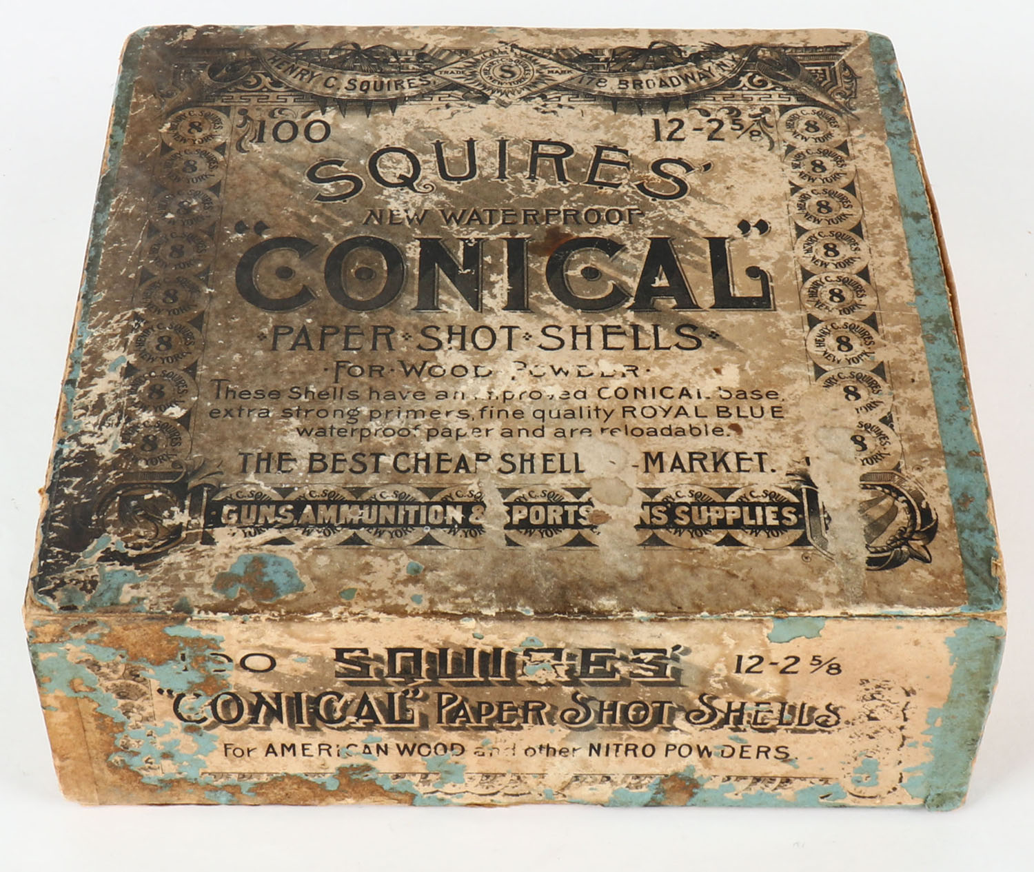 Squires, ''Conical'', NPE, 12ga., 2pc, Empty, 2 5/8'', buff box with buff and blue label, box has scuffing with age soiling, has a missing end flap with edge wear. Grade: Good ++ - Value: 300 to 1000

* * *

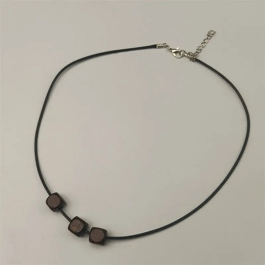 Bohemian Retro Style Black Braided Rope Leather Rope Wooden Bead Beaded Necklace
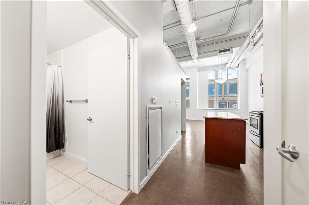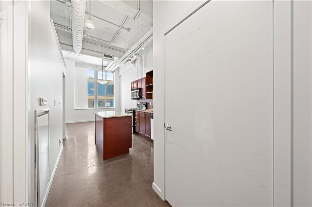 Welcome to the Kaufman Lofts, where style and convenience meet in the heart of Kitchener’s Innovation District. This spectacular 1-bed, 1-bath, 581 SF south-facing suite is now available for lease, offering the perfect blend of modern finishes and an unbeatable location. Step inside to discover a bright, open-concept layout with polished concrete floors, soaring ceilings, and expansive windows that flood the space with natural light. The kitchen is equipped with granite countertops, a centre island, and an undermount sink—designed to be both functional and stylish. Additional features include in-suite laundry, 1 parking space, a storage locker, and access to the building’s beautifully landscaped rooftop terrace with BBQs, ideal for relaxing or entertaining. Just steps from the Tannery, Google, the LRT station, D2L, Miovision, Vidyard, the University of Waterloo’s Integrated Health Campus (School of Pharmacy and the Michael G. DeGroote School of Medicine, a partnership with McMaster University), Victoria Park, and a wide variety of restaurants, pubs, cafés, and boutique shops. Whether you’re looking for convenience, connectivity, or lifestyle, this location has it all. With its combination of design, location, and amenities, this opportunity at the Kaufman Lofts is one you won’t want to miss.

* * *

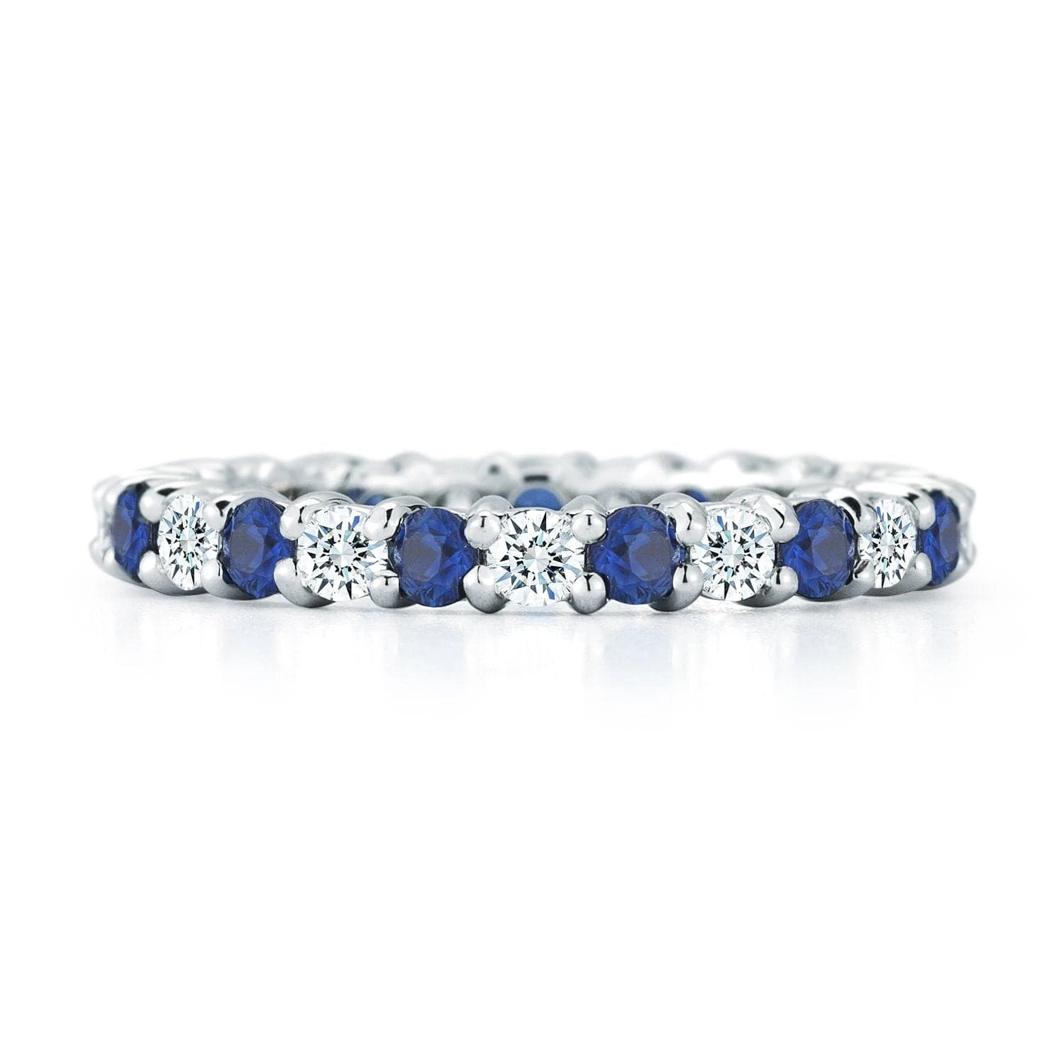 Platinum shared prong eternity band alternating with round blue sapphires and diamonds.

:: About this task ::
Only the lines above starting with the line with "Bohemian Retro Style" and going on through the line with "Welcome to the" belong in the answer; repeat them exactly, minus any picture.

:: Solution to this task ::
 Bohemian Retro Style Black Braided Rope Leather Rope Wooden Bead Beaded Necklace
 Welcome to the Kaufman Lofts, where style and convenience meet in the heart of Kitchener’s Innovation District. This spectacular 1-bed, 1-bath, 581 SF south-facing suite is now available for lease, offering the perfect blend of modern finishes and an unbeatable location. Step inside to discover a bright, open-concept layout with polished concrete floors, soaring ceilings, and expansive windows that flood the space with natural light. The kitchen is equipped with granite countertops, a centre island, and an undermount sink—designed to be both functional and stylish. Additional features include in-suite laundry, 1 parking space, a storage locker, and access to the building’s beautifully landscaped rooftop terrace with BBQs, ideal for relaxing or entertaining. Just steps from the Tannery, Google, the LRT station, D2L, Miovision, Vidyard, the University of Waterloo’s Integrated Health Campus (School of Pharmacy and the Michael G. DeGroote School of Medicine, a partnership with McMaster University), Victoria Park, and a wide variety of restaurants, pubs, cafés, and boutique shops. Whether you’re looking for convenience, connectivity, or lifestyle, this location has it all. With its combination of design, location, and amenities, this opportunity at the Kaufman Lofts is one you won’t want to miss.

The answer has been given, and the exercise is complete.